Firstly, in choosing and calling Israel to be his special people, God would bring the living Word and his promise of new life through them, to the rest of the world. The whole world was to be offered hope, but only through Israel, not around it. The purpose for which this people existed had everything to do with God’s plan of rescue for the whole world and which had been foretold by the prophets. If Jesus had begun by circumventing God’s people, he would have made God a liar.
Secondly, as with so many of the things that are happening around Jesus, the future keeps breaking in to the present. It’s as if the woman is already looking at Easter, while Calvary hasn’t even happened yet.

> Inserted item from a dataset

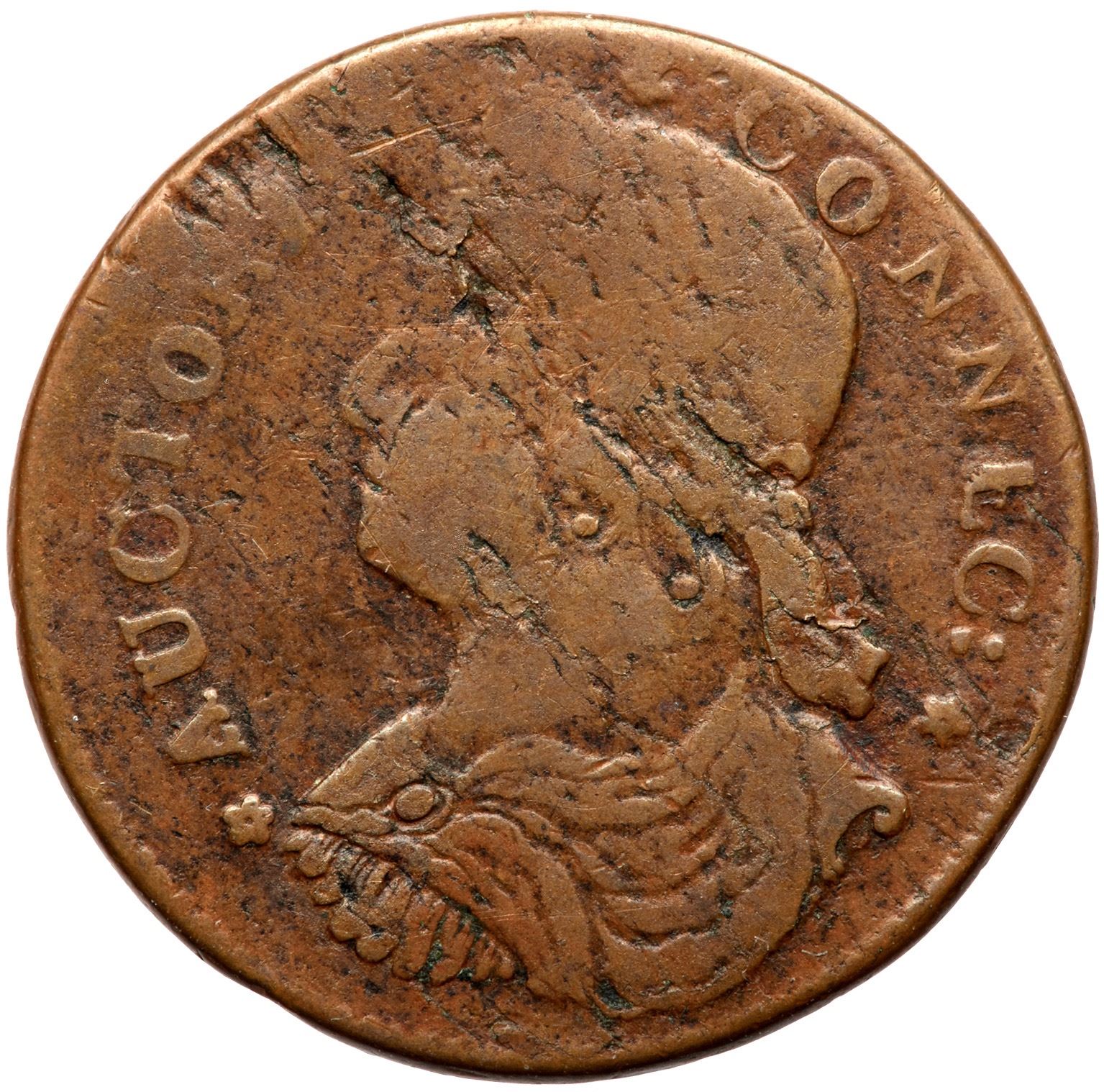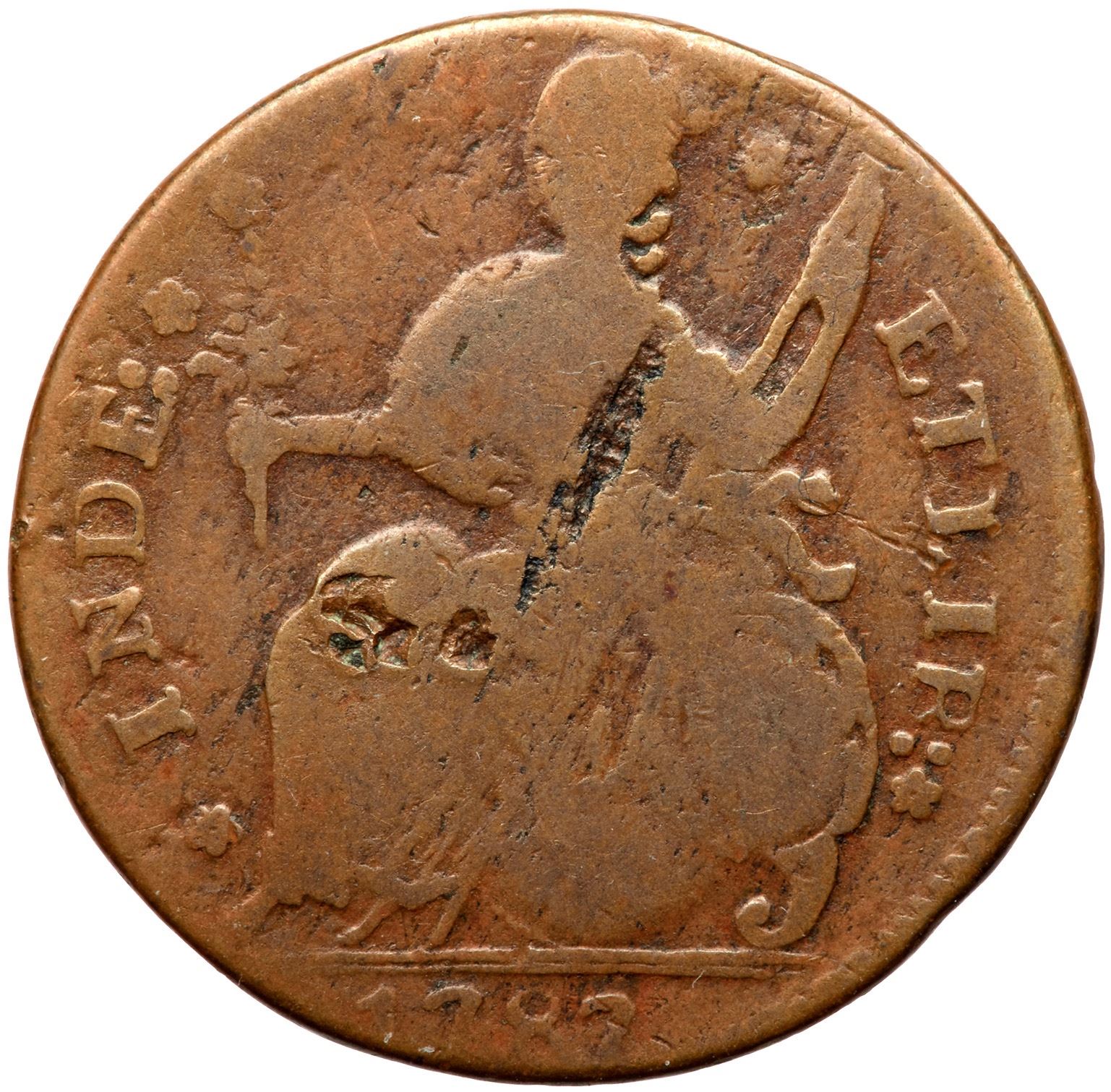 An ET LIR variety. Slightly sharper where properly struck up but there are thin planchet striations covering much of the obverse and a single but more prominent void on Britannia (as struck). The remainder of the planchet is reasonably smooth but there are several obvious digs on Britannia's knees. Mostly glossy medium brown and light chocolate. The bottom edge of the date is off the planchet but it is easily readable and the legends are complete. The ET LIR feature is strong. Weight 131.6 grains.

In recognising Jesus as the Messiah, the Son of David, she is seeing the truth at a much deeper level and it’s that truth – as proclaimed by her faith – that sets herself and her daughter free. She reckoned that if Israel is indeed the people that bring the promise of God to the world, then Israel’s Messiah will bring that blessing about. The dogs will share in the scraps that fall from the children’s table. It was absolutely vital that she knew the truth, so that she was to receive the life that God had promised.
We need to know the truth. The whole – round – world needs to know it too. What issues are we facing today? And what future promise of God that we don’t see yet but that should be claimed now, can we present to God with fervent prayer and faith?
Let us pray.
O God, as our loving and ever faithful Father, you do not turn away those who seek you with all their heart. Hear us as we pray for your promise to become ever more alive in us and in this world. For the sake of your dear Son, our Saviour Jesus Christ. Amen.